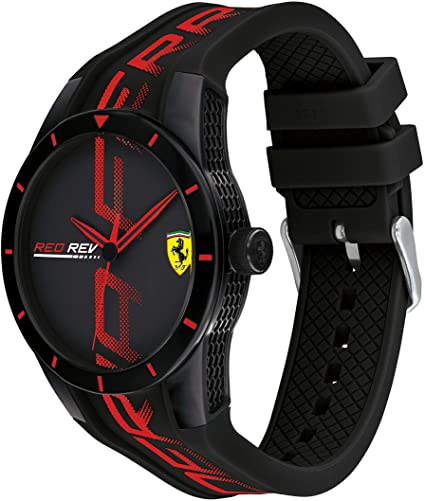 Ferrari Men's Red Rev Quartz Plastic and Silicone Strap Casual Watch, Color: Black (Model: 0830614)
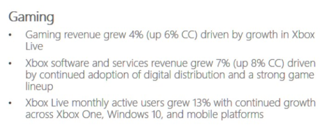 Game industry types will mostly care about the company's video game business, and Microsoft claims that gaming revenue (which includes sales of Xbox consoles) increased 4 percent year-over-year.
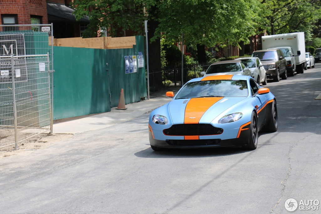 We have seen many different takes on the iconic Gulf livery, from a pop art interpretation of it to cool rusted depictions of the legendary colors. But we have never before seen a semi-Gulf livery, which is what’s featured on this Aston Martin Vantage sighted in Toronto.

◆ Task details:
From the first line to the last, write out the data exactly, omitting any pictures.

◆ Exercise result:
 Ferrari Men's Red Rev Quartz Plastic and Silicone Strap Casual Watch, Color: Black (Model: 0830614)
 Game industry types will mostly care about the company's video game business, and Microsoft claims that gaming revenue (which includes sales of Xbox consoles) increased 4 percent year-over-year.
 We have seen many different takes on the iconic Gulf livery, from a pop art interpretation of it to cool rusted depictions of the legendary colors. But we have never before seen a semi-Gulf livery, which is what’s featured on this Aston Martin Vantage sighted in Toronto.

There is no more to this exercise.